Thursday, March 4, 2021

REVIEW: Cells at Work!, Season 1 (anime TV series)

Cells at Work! is a combination comedy, workplace, and edutainment anime series. The first season is 13 episodes long, plus one OVA.

Review:

Red Blood Cell works hard and has her heart in the right place, but she tends to get a little lost when attempting to deliver oxygen and nutrients. She also has terrible luck when it comes to staying safe - she encounters viruses and dangerous bacteria with alarming frequency. Luckily, whenever disaster strikes White Blood Cell (Neutrophil) is there to save the day.

Each episode in the first season deals with a different topic: how the body defends itself against viruses, bacteria, and cancer, how minor injuries are repaired, what the various cells do, etc. All of the body's cells are anthropomorphized. Red Blood Cell is depicted as a delivery girl (possibly a sickle cell, based on her sickle-shaped lock of hair and her difficulty with circulating properly). White Blood Cell is dressed in a white uniform and behaves fiercely and violently at the slightest sign that invaders are present. Killer T Cells are musclebound military men, Macrophages are murderous maids, Platelets are adorable little children, and so on.

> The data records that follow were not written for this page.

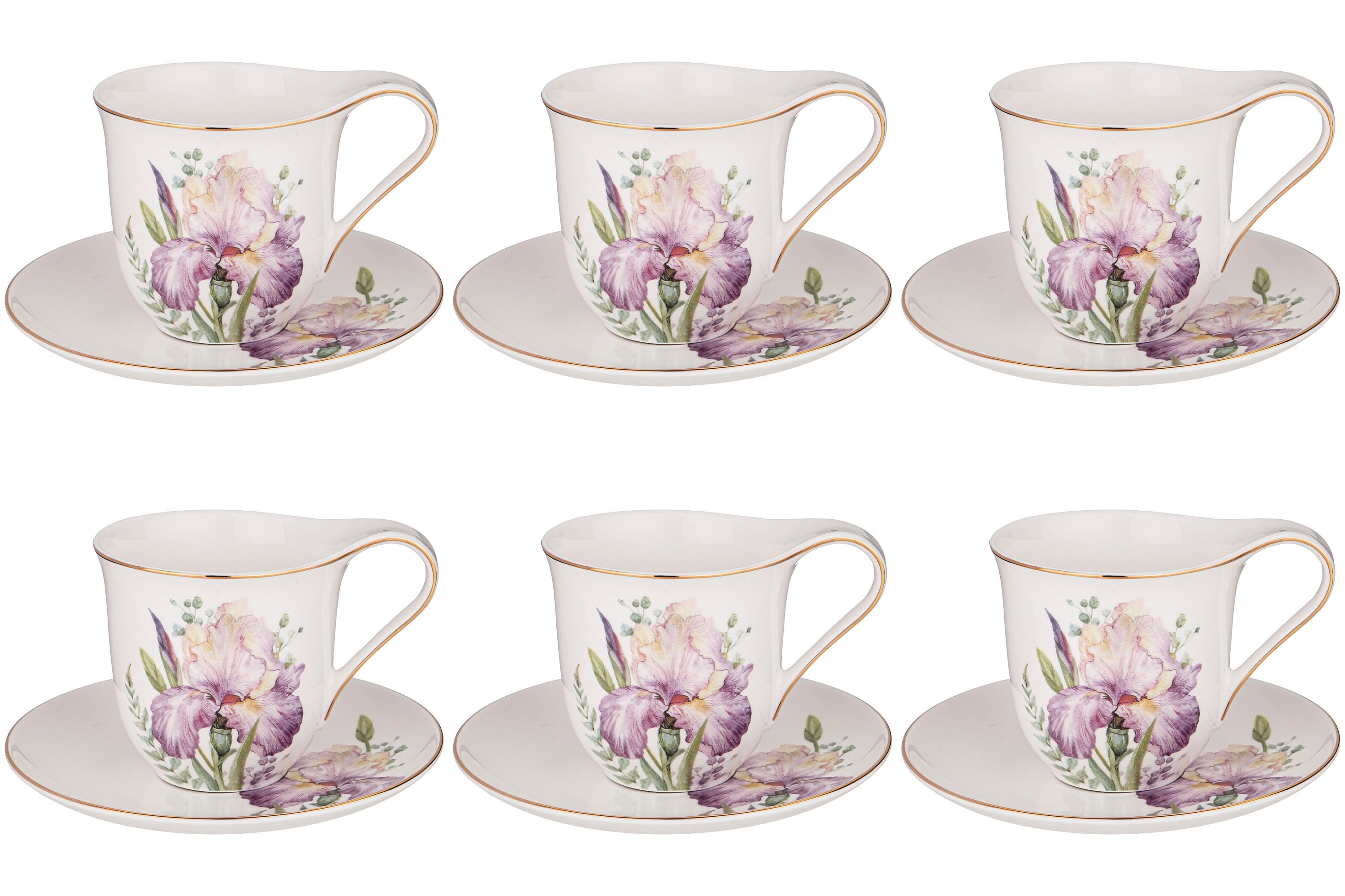 Чайный набор посуды на 6 персон 275 мл Lefard Irises 12 предметов, 6 чашек и блюдец, подарочный фарфор / кружки для чая и кофе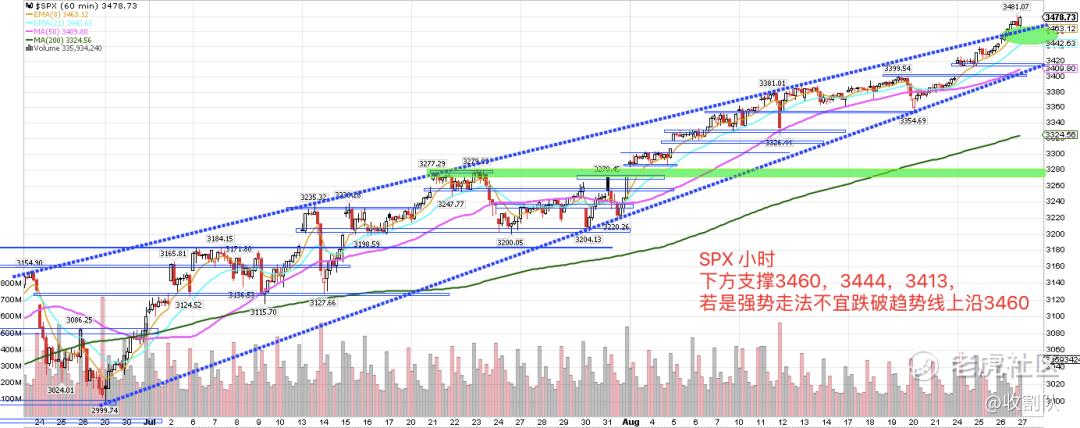 SPX跟随纳指步伐突破趋势通道,开启加速上涨模式,最高达到3480,日线进入超买区间(注意超买不一定代表会跌,超买可以持续超买)。SPX下方支撑3460,3444,3413,若是强势走法不宜跌破趋势线上沿3460。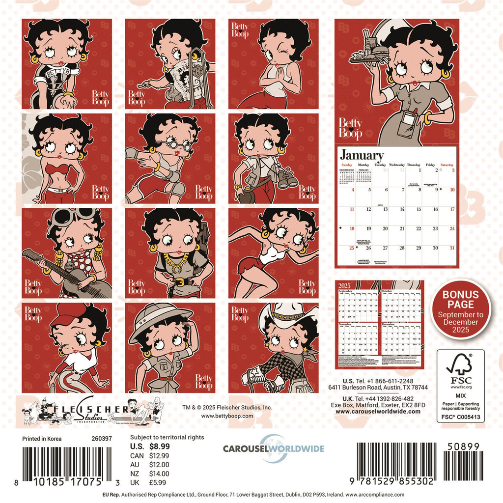 Let the iconic Betty Boop take her place in your home with this lovely mini calendar for 2026. The gorgeous retro illustrations are sure to add a touch of glamour to any wall. The calendar has a handy date grid every month and is free of plastic packaging.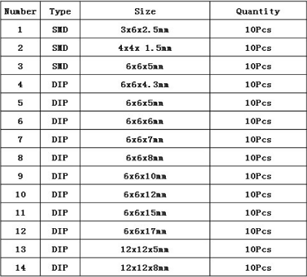 140pcs 14 instant touch button switch miniature SMD patch light switch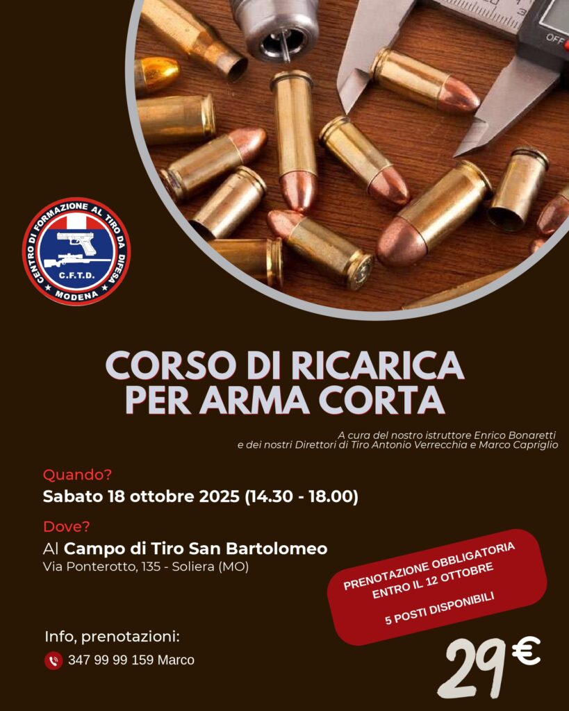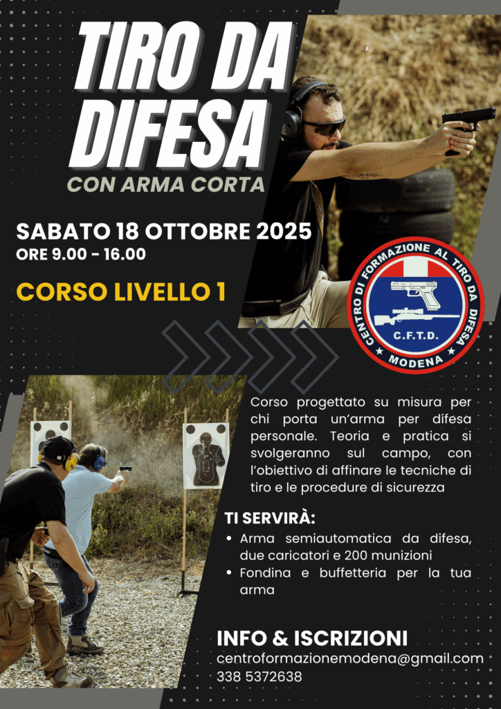 Corso di tiro tattico – difensivo con Arma Corta – Sabato 18 Ottobre 2025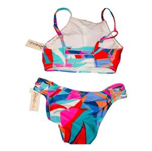 Abstract pucci geometric pink blue colorblock 2piece geometric print halter bikini set size XS new

I've wanted to watch this show for a while, but the Blu-ray price was prohibitive (it's an Aniplex of America title, of course). I couldn't justify spending $140 on 14 episodes of a series I figured I'd probably enjoy but not love enough to want to rewatch in the future. Then it popped up on Netflix, and I spotted it in Funimation's streaming catalog. I decided to give it a try with Funimation, since I opted to continue my subscription past the free trial period, but I'll mention that I did consider switching over to Netflix to stream it because Funimation's choice of white subtitles on black bars annoys me (although possibly Netflix's subtitles for this series are the same? I haven't checked).

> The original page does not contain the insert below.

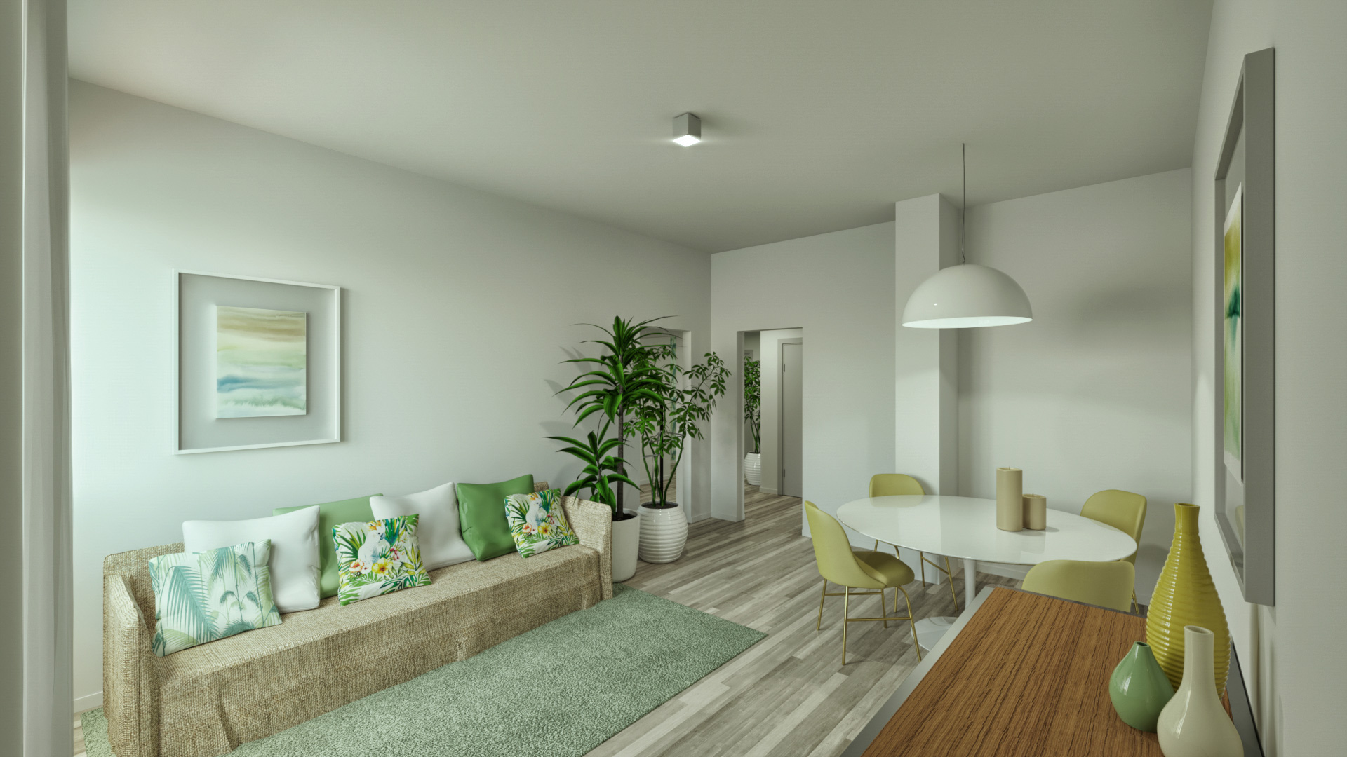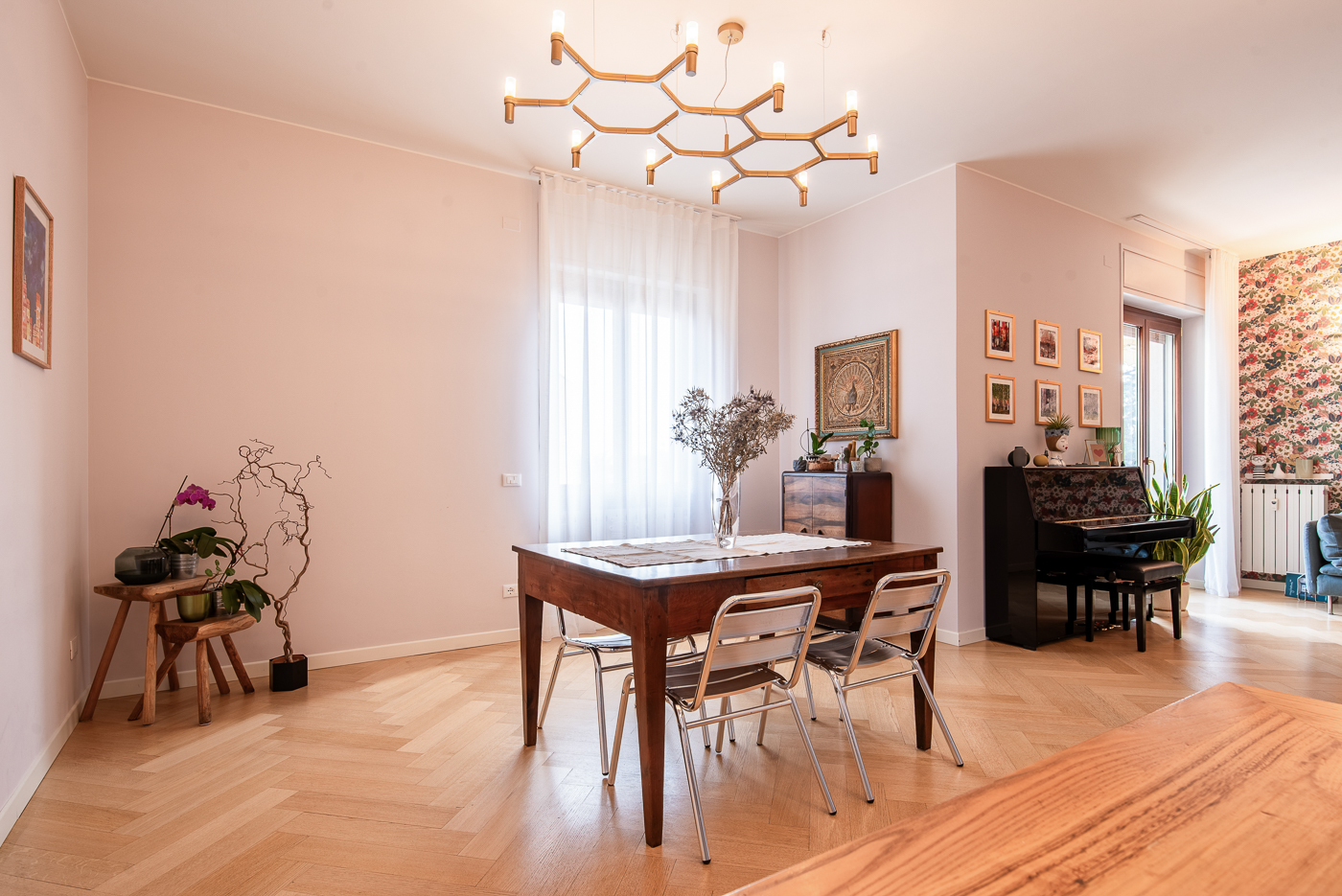 La ristrutturazione leggere di questo trilocale tipico degli anni ’70 gli ha donato carattere e dato un filo conduttore: portare la natura in casa.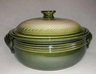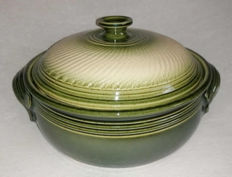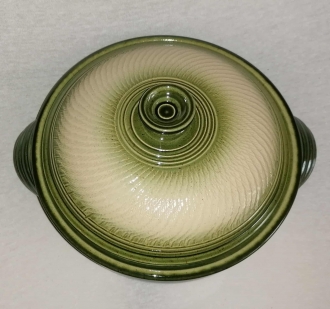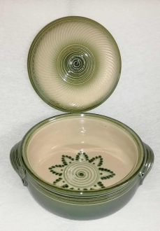A lapos fedeles sütőtálban nagyszerűen elkészíthetőek bármilyen húsok,rakott ételek,Egyedi mintája ,és színe miatt nagyon szépen mutat a teritett asztalon.Cserépedény sajátossága, hogy a benne lévő ételt nagyon sokáig melegen tartja.Ez a samottos agyagból készült edény kiválóan alkalmas a villany,gáz sütőben való használatra egyaránt.

While I did enjoy the series quite a bit, I still think $140 is far too much to pay. I'm glad I streamed it and will probably watch Season 2 once that's complete, but it's not something I particularly feel like I need to add to my collection.

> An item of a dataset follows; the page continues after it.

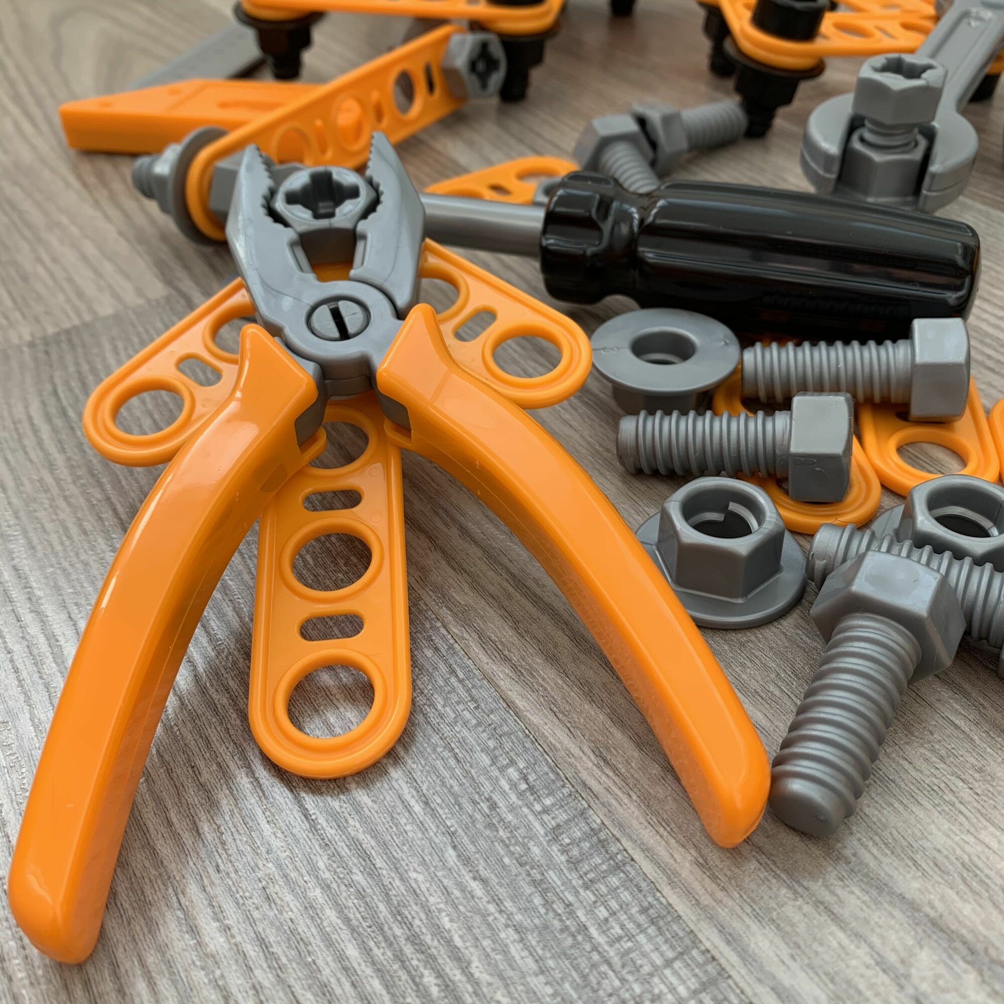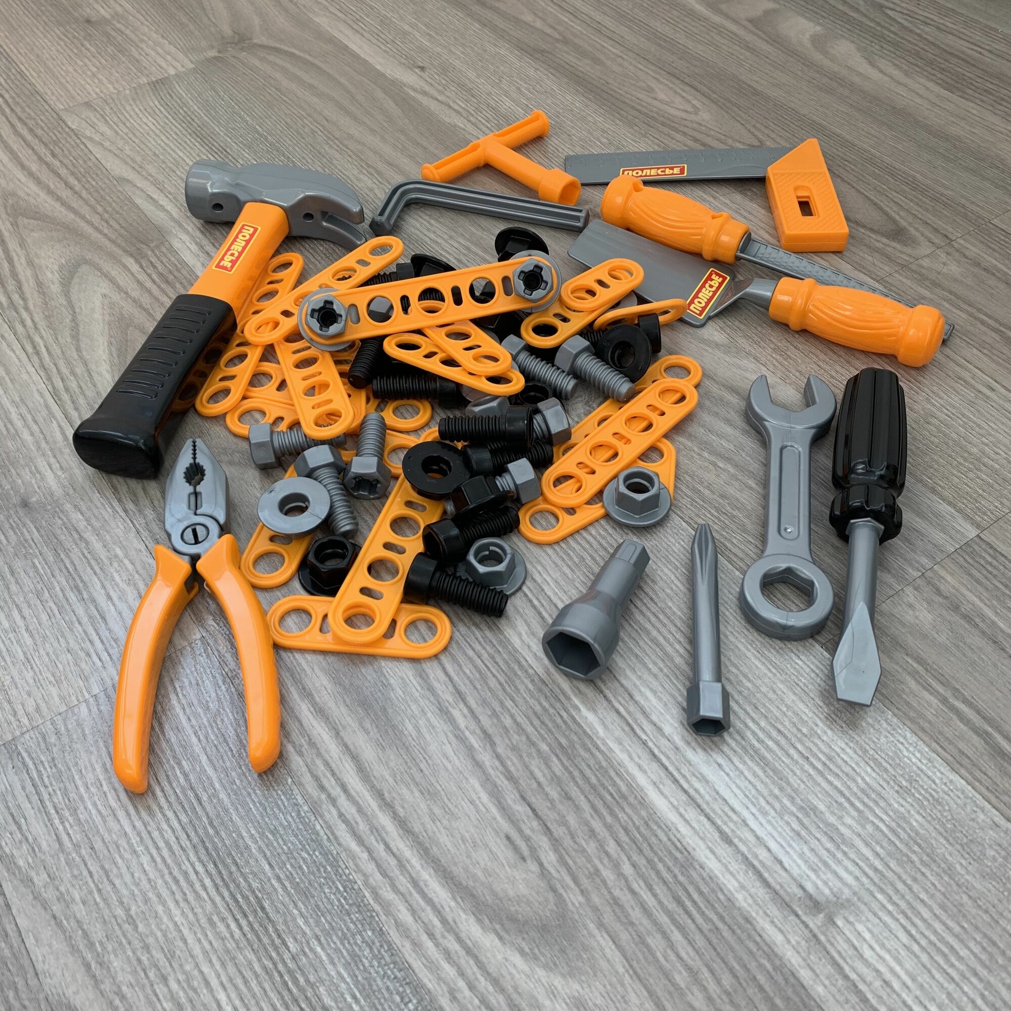 Купить Развивающий набор детских инструментов по конструированию и развитию моторики с гайками и винтами / Полесье - оранжевый

I'd qualify this as edutainment, but the educational aspects feel pretty light. Yes, the plot of each episode is built around an educational topic, but the anthropomorphizing and overall humor could make the information a little difficult to follow. There were times I wished that the series would give more (or any) bigger picture views of what was going on - the narrator would explain some aspects, but it was left up to viewers to picture what the person all of these cells lived inside was experiencing. 

The characters were fun to watch, and I really liked their designs. My favorites were probably White Blood Cell, Macrophage (particularly in the episode where their other identity was revealed - if my high school science classes ever covered that, I completely forgot it), Dendritic Cell, and the Platelets. Watching White Blood Cell quietly rooting for Red Blood Cell (and, in one episode, do his best to help her without her finding out) was enjoyable.

There were several cliched anime character types, and yet the series stayed true to its science/edutainment foundation and never stooped to pairing any of those types up and cramming in romance. These are cells, after all. They don't do romance. It was kind of nice to watch something with a bunch of characters focused on supporting each other purely as friends and coworkers.

My favorite episodes from this first season were the hemorrhagic shock ones. The body had faced several serious-looking threats up to that point, including heat stroke and a horrifying parasite, but the injury and its aftermath in the hemorrhagic shock episodes was truly dire. I actually found myself tearing up as the Red Blood Cells struggled to deliver oxygen to dying regular cells and White Blood Cell found himself moving around in eerily empty areas.

If you've got immunology, cell biology, or circulatory anatomy tests coming up, this is not going to replace actually reading your textbook. But if you'd like something amusing and mildly educational, this is a good series to watch.